WAC 388-502-0020   General requirements for providers.  (1) Enrolled providers must:

     (a) Keep legible, accurate, and complete charts and records to justify the services provided to each client, including, but not limited to:

     (i) Patient's name and date of birth;

     (ii) Dates of services;

     (iii) Name and title of person performing the service, if other than the billing practitioner;

     (iv) Chief complaint or reason for each visit;

     (v) Pertinent medical history;

     (vi) Pertinent findings on examination;

     (vii) Medications, equipment, and/or supplies prescribed or provided;

     (viii) Description of treatment (when applicable);

     (ix) Recommendations for additional treatments, procedures, or consultations;

     (x) X rays, tests, and results;

     (xi) Dental photographs and teeth models;

     (xii) Plan of treatment and/or care, and outcome; and

     (xiii) Specific claims and payments received for services.

     (b) Assure charts are authenticated by the person who gave the order, provided the care, or performed the observation, examination, assessment, treatment or other service to which the entry pertains;

     (c) Make charts and records available to DSHS, its contractors, and the US Department of Health and Human Services upon request, for six years from the date of service or longer if required specifically by federal or state law or regulation;

     (d) Bill the department according to department rules and billing instructions;

     (e) Accept the payment from the department as payment in full;

     (f) Follow the requirements in WAC 388-502-0160 and 388-538-095 about billing clients;

     (g) Fully disclose ownership and control information requested by the department;

     (h) Provide all services without discriminating on the grounds of race, creed, color, age, sex, religion, national origin, marital status, or the presence of any sensory, mental or physical handicap; and

     (i) Provide all services according to federal and state laws and rules, and billing instructions issued by the department.
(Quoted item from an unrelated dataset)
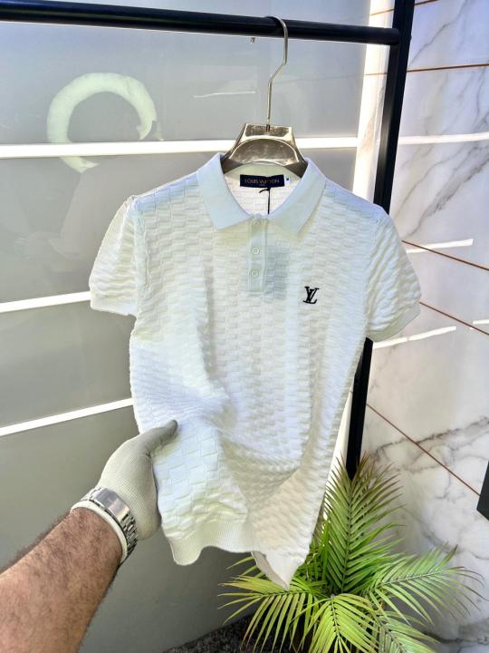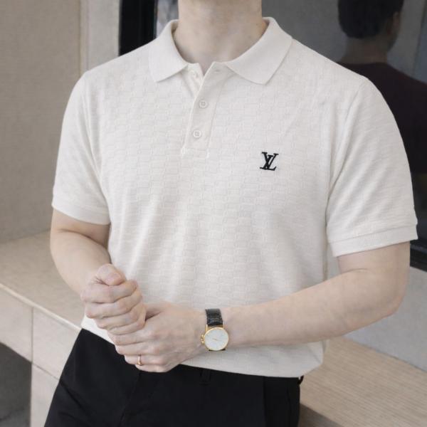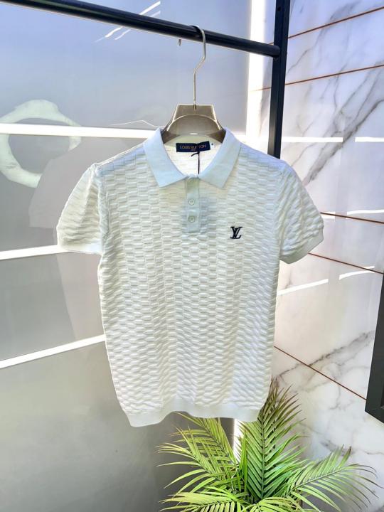 Home T-Shirts Loui s Vuitton Imported knitted Super Premium White Collar Neck Polo T-shirt F3467-WH

     (2) A provider may contact MAA with questions regarding its programs. However, MAA's response is based solely on the information provided to MAA's representative at the time of inquiry, and in no way exempts a provider from following the laws and rules that govern the department's programs.



[Statutory Authority: RCW 74.08.090, 74.09.500, and 74.09.530. 01-07-076, § 388-502-0020, filed 3/20/01, effective 4/20/01; 00-15-050, § 388-502-0020, filed 7/17/00, effective 8/17/00.]